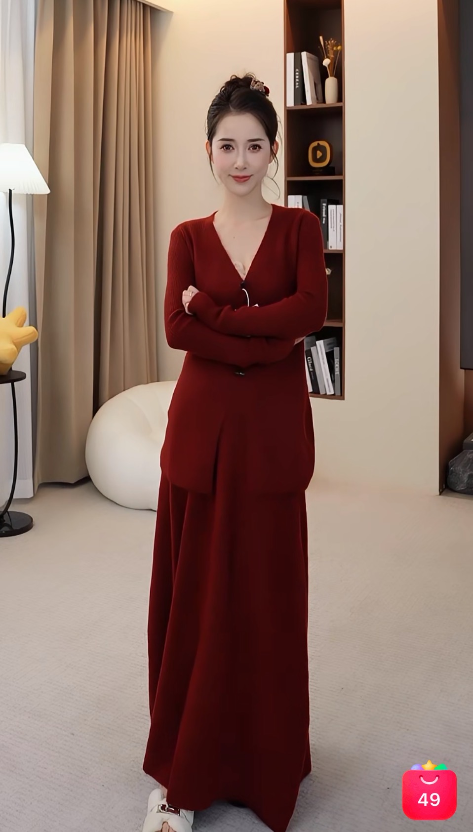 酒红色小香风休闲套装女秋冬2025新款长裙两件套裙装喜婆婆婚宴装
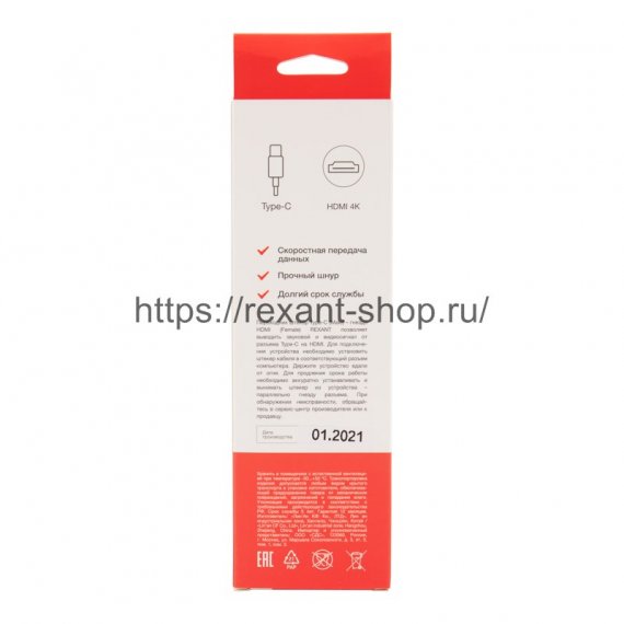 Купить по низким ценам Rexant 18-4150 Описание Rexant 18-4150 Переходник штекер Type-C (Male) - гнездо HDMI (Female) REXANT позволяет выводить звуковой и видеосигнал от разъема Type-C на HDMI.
--
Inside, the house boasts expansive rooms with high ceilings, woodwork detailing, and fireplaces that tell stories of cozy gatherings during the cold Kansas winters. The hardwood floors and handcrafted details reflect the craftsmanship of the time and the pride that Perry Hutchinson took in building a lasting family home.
---
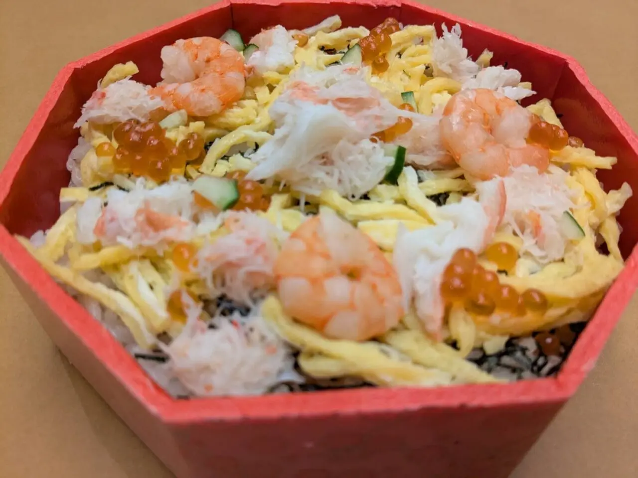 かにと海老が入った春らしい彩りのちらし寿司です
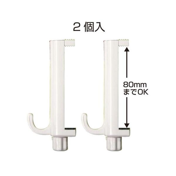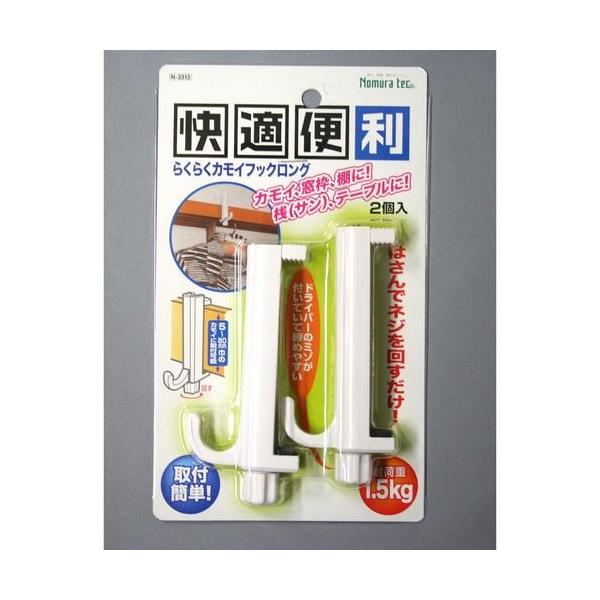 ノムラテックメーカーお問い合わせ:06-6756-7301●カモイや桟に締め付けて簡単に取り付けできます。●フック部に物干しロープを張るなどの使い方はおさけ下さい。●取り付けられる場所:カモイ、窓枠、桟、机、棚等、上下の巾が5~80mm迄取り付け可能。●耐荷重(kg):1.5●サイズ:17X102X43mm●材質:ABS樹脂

● Your assignment
Going back to the data above, write out everything from the line with "酒红色小香风休闲套装女秋冬2025新款长裙两件套裙装喜婆婆婚宴装" down to the line with "Купить по низким", both included, leaving every picture out.

● Reply
 酒红色小香风休闲套装女秋冬2025新款长裙两件套裙装喜婆婆婚宴装
 Купить по низким ценам Rexant 18-4150 Описание Rexant 18-4150 Переходник штекер Type-C (Male) - гнездо HDMI (Female) REXANT позволяет выводить звуковой и видеосигнал от разъема Type-C на HDMI.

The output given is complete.